American college administrator (1904–1977)

Wesley Parkinson Lloyd (June 16, 1904 – March 7, 1977) was an American college administrator in several universities including Brigham Young University and the United States International University. Lloyd was a member of the Church of Jesus Christ of Latter-day Saints (LDS Church) and served an LDS mission. He taught at Rexburg High School and after, worked as a principal of seminary. After receiving his master's and doctorate degrees, Lloyd worked at multiple universities, including BYU, the United States International University, and California Western College. In his personal life, Lloyd married Lucille Murdock in 1926 and had three children. He died on March 7, 1977, at the age of 72.

==Early life==
Wesley Parkinson Lloyd was born June 16, 1904, in Ogden, Utah. His parents were Charles E. Lloyd and Lucy Parkinson. Lloyd was baptized into the LDS Church on April 8, 1913, by John B. Fehr. Lloyd attended a Latter-day Saint high school in Salt Lake City, Utah. He went on to attend BYU.

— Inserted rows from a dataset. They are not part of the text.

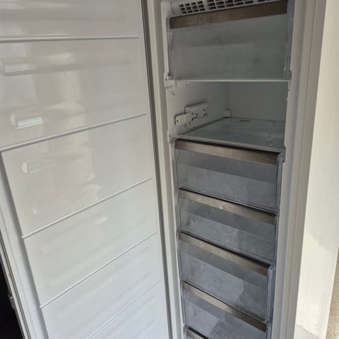 Kvalitetsmærket skab med indbygget Nofrost system - skal aldrig afrimmes. Det virker upåklageligt og det står helt skarpt og er ikke så gammel - ca 3år.
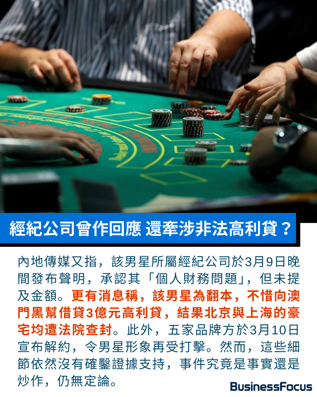 有關傳媒又信誓旦旦表示,該男星的內地經紀公司於3月9日深夜發布聲明承認存在「個人財務問題」但未提及具體金額。又指知情人士透露該明星為翻本甚至向澳門黑幫借貸3億元高利貸,然後報稱北京朝陽區價值2.8億元的獨棟別墅及上海陸家嘴頂級公寓均已被法院查封,涉及的五家品牌方於3月10日上午集體宣布解約。
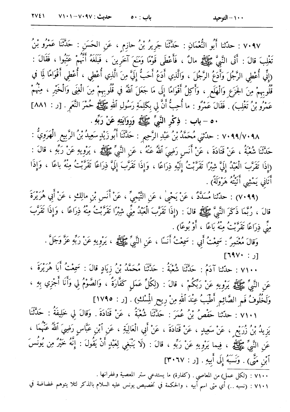: عن النبي صلى الله عليه و سلم يرويه عن ربه قال ( إذا تقرب العبد إلي شبرا تقربت إليه ذراعا وإذا تقرب إلي ذراعا تقربت منه باعا وإذا أتاني يمشي أتيته هرولة )
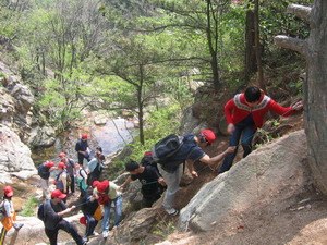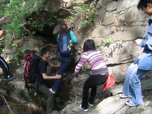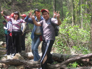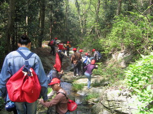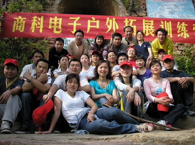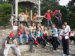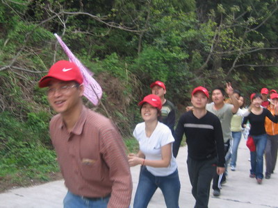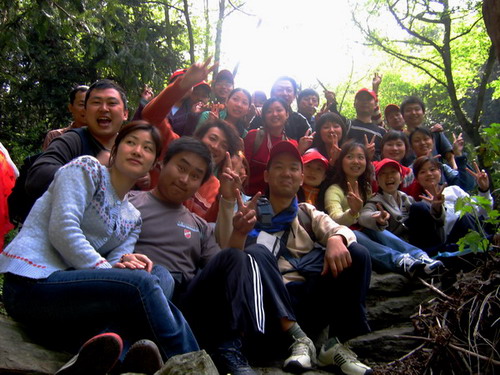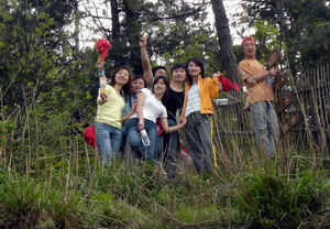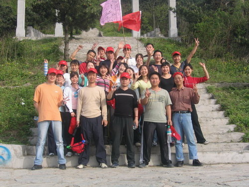 在春天的腳步已來臨之季,讓我們一同從城市的喧囂、工作的壓力中掙脫出來,2006年4月16日武漢商科一行25人,踏上勇敢者之路, 在兩天的拓展活動中,真切地體驗到團隊的存在和原來的真實自我,每一次的獲取都讓我們感動……來,和我們一同感受“共同面對問題,共同分享快樂!”吧。‰p峰山主峰由兩座對峙且相鄰的峰嶺組成,海拔888米,為孝感市第一高峰,相傳為董永、七仙女"仙化"而成,其森林繁茂,氣候宜人,素有"仙源"之美譽。
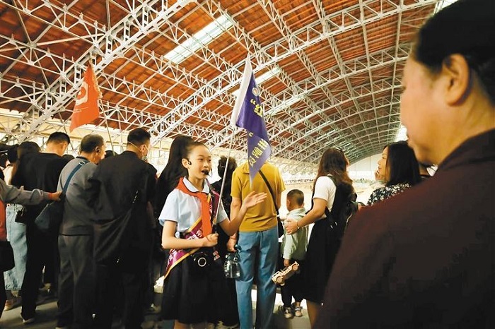 收官儀式上,秦始皇帝陵博物院工作人員為學(xué)生代表佩戴“家鄉(xiāng)文物我來(lái)講”小志愿者綬帶。孩子們帶領(lǐng)現(xiàn)場(chǎng)游客來(lái)到景區(qū)一號(hào)坑展廳,講解兵馬俑的“前世今生”。秦始皇帝陵博物院院長(zhǎng)李崗現(xiàn)場(chǎng)為孩子們?cè)凇凹t田”打卡通關(guān)文牒上,蓋下最后一枚打卡印章。50余名來(lái)自臨潼區(qū)華清小學(xué)的學(xué)生,興奮地展示著他們14站“紅田”愛(ài)國(guó)主義教育基地打卡足跡。
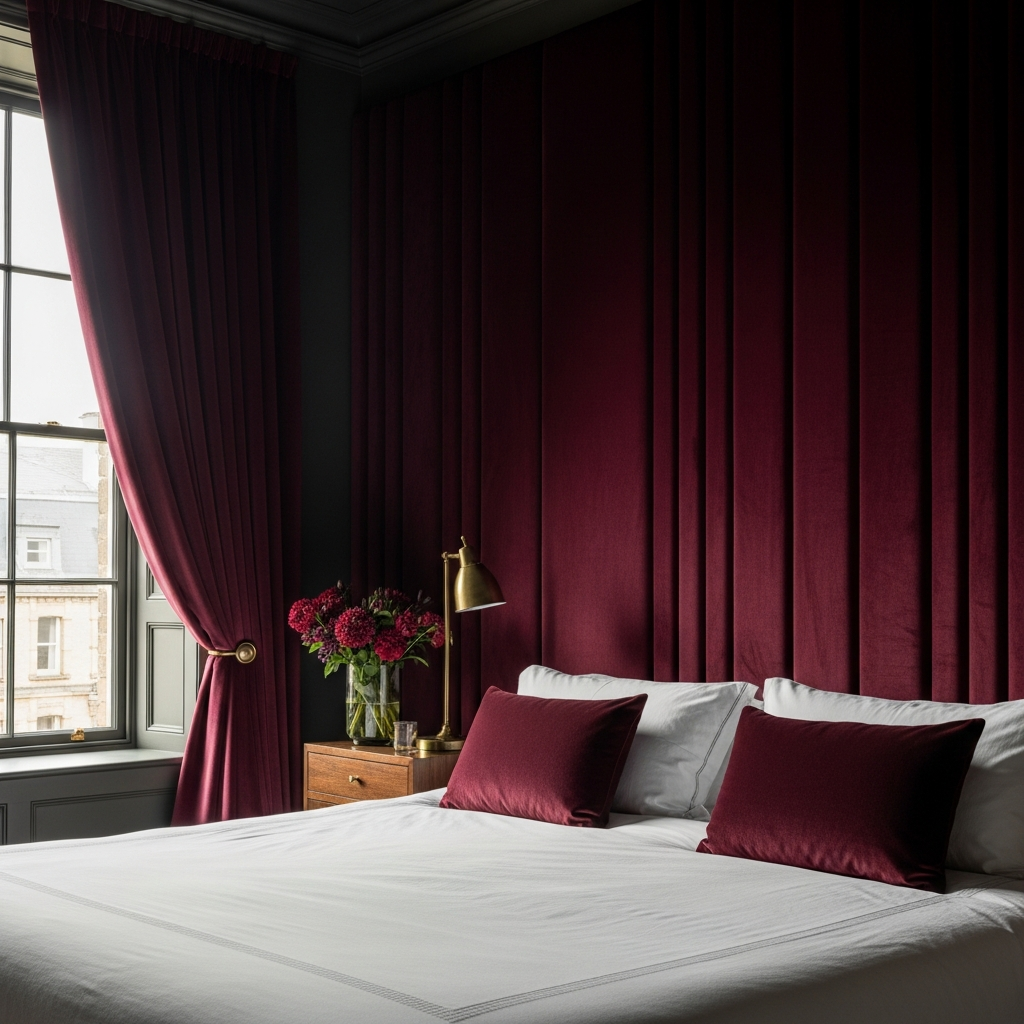 This choice creates an incredibly opulent, sensual, and intimate mood, perfect for a glamorous bedroom or a sophisticated lounge. Pair with metallic details, soft lighting, and plush furnishings for a truly decadent space.
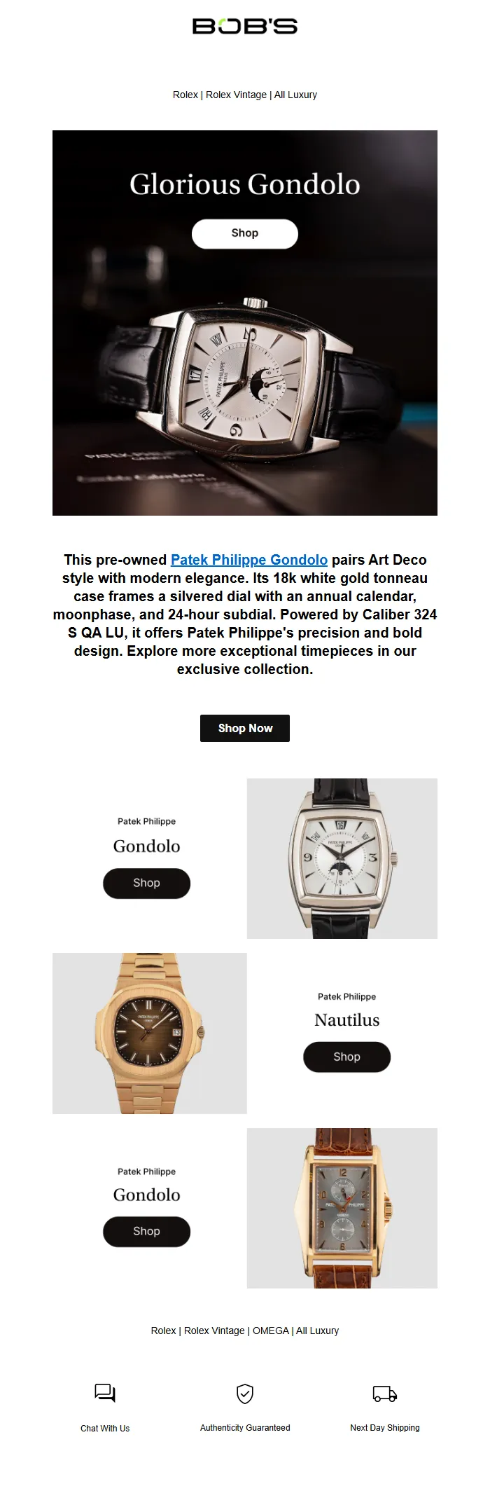 Luxury Watch Product Showcase – Pre-Owned Patek Philippe Email

Lloyd was married on December 30, 1926, to Lucille "Lillie" Murdock. The couple had three children together. He graduated in 1927 from BYU with his bachelor's degree in philosophy of education. Lloyd served a mission for the LDS Church under B. H. Roberts to the Eastern States Mission. He was a missionary from June 1929 until August 1929.

==Career==
Lloyd taught at Rexburg High School in Rexburg, Idaho, for three years. After teaching in Rexburg, he taught as a principal of seminary for the LDS Church in both Grace and Oakley, Idaho. While overseeing seminary, Lloyd worked on his master's degree, which he completed from BYU in 1934. In 1937, he graduated with his doctorate degree in religion and education from the University of Chicago.

Lloyd worked in the Department of Philosophy of Education from 1937 to 1969 at BYU. He was the department chair from 1937 to 1944, the Dean of Men from 1938 until 1960, and the dean of the graduate school, from 1960 to 1969. He then retired from BYU to work as the dean at the United States International University. He worked there from 1969 until 1972. He then became the director of California Western College. He worked in that capacity until 1976. He was elected the chair of the Center for Leadership Education from 1974 to 1977.

Lloyd died on March 7, 1977, in La Jolla, California.